Who does love routine? You know.. every day get up, eat your breakfast... go to school, do your afternoon activities, go to bed, and next day start all over again waiting for Friday so you know that over the weekend you can sleep in (maybe?) go to a birthday party, hang out with friends... just change a little bit from the boring monday - friday routine....
I guess for most this is it right??
for us.. totally the opposite... ROUTINE??? BRING IT ON!!!! we need it, we love it, we function with it...
Love to wake up with the same kid of hugs and kisses, and the same "good morning sunshine! time to go to school!" then the same breakfast ( sometimes we change our likes but pretty much waffles and milk)
and then off to school, to my lovely very well known hallways and classrooms, and well.. you know the routine of the school environment.
and then after school therapy that are the same ,
and then the well known night time where I get my bubble bath... and jump on Mommy's bed for a little tv... and then off to my own room in my own bed in my house.....

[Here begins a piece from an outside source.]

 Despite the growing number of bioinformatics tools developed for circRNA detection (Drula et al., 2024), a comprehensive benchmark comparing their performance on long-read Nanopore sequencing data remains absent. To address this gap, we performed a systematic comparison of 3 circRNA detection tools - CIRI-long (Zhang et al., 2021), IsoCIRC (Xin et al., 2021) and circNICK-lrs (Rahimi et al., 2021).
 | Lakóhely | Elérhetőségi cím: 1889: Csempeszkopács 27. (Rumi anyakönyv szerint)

Comes Saturday.... OH OH... no school...!!!!! now what???? here I am after breakfast... with my backpack and mom says no Gabby we are not going to school.... and I know I have to go.... so If she is not taking me I should go by myself... So I open the door and go out....

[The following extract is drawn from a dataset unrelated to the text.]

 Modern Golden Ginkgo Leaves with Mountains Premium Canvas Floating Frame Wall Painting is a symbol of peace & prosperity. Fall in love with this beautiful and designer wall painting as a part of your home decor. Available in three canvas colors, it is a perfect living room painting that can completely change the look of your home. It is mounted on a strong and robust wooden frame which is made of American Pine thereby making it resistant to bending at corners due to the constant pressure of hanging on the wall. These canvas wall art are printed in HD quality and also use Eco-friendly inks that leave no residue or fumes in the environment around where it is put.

So mommy comes running after me and stops me... but she doesn't get it.. I HAVE TO GO....
and she insists today i don't....
so after a lot of insisting I give up and go back inside with her...
and we try to do stuff,.. but I don't want to do them because I'm not at school... what does she think?? she;s a therapist now???
Uggh...
wait now that i want to play she wants to cook?? oh no... not happening... she has to play with me...
Fine I'll eat this ... not sure why it has those hideous carrots... but well.. I'll pretend...
Go out??? where do you want me to go???
whose house??? what's there??
I don't know this place, I don't like all these new people... to loud.. to crowded... where is the door?? I'm out of here... I don't want to stay with them...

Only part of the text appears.